Hoe groot was het leger van Midian en zijn bondgenoten? Richteren 7:12 En Midian en Amalek en al de mensen van het oosten zo talrijk lagen in het dal, als sprinkhanen. En hun kamelen waren ontelbaar, zo talrijk als de zandkorrels die zich aan de oever van de zee bevinden.

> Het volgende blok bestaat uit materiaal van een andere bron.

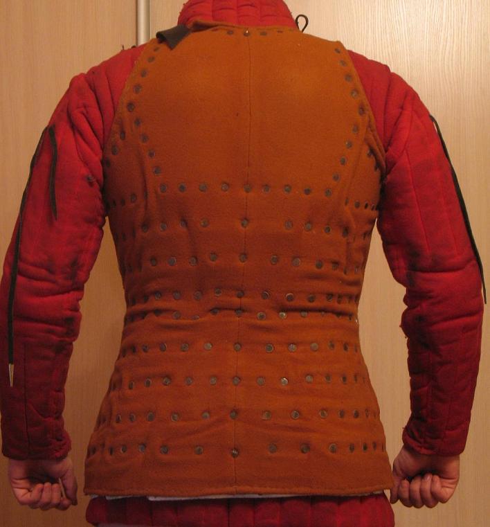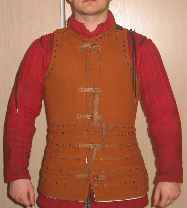 Бригантина, из раскопок замка Халкис (анг. Сhalkis, греч. Χαλκίδα) на греческом острове Эвбея, является весьма желанным доспехом тех кто занимается Западной Европой и желает при этом выглядеть весьма статусно, а также иметь надежную защиту своего корпуса. Толщина мелких пластин этой бригантины 0,8 мм - они лежат с большим нахлестом; крупные пластины на груди и спине толщиной 1,5 мм. Пластины защищены от ржавчины лужением. Вес бригадины целиком 7 кг. Суконная покрышка с двумя слоями крепкой льняной ткани, можем изготовить и внутреннюю подкладку.

Hoeveel man vond God voldoende voor Gideon en wat wil God Zijn kinderen leren? Richteren 7:7, eerste deel 7 Toen zei de HEERE tegen Gideon: Door de driehonderd man die gelikt hebben, zal Ik u verlossen en Midian in uw hand geven. Filippenzen 4:13 Alle dingen zijn mij mogelijk door Christus, Die mij kracht geeft. Als wij de vijand willen bestrijden in eigen kracht, speelt dat de vijand alleen maar in de kaart. Maar als wij zwak zijn, dan zijn wij sterk (zie 2 Koningen 12:10; contrast: 2 Kronieken 28:21), want dan is Hij onze kracht. We vermogen alles door Hem Die ons kracht geeft.
Op wiens schouders heeft de Schepper de heerschappij over hemel en aarde gelegd? Jesaja 9:5 5 Want een Kind is ons geboren, een Zoon is ons gegeven, en de heerschappij rust op Zijn schouder. En men noemt Zijn Naam Wonderlijk, Raadsman, Sterke God, Eeuwige Vader, Vredevorst.
Hoelang zal Zijn Koninkrijk zijn? Lukas 1:33, zie Openbaring 11:15, zie Daniël 2:44, zie 2 Samuel 7:16, zie Hebreeën 1:8, zie 2 Petrus 3:12 33 en Hij zal over het huis van Jakob Koning zijn tot in eeuwigheid en aan Zijn Koninkrijk zal geen einde komen. De duur van Zijn heerschappij zal eindeloos zijn Hij zal niet door een andere heerser worden opgevolgd. De belofte dat Hij op de troon van Zijn vader David zal zitten, zal in vervulling gaan. Het is een troon die tot in alle eeuwigheid is. Zijn eindeloze regering zal uitmonden in de dag van God met zijn nieuwe hemelen en een nieuwe aarde, waar gerechtigheid woont.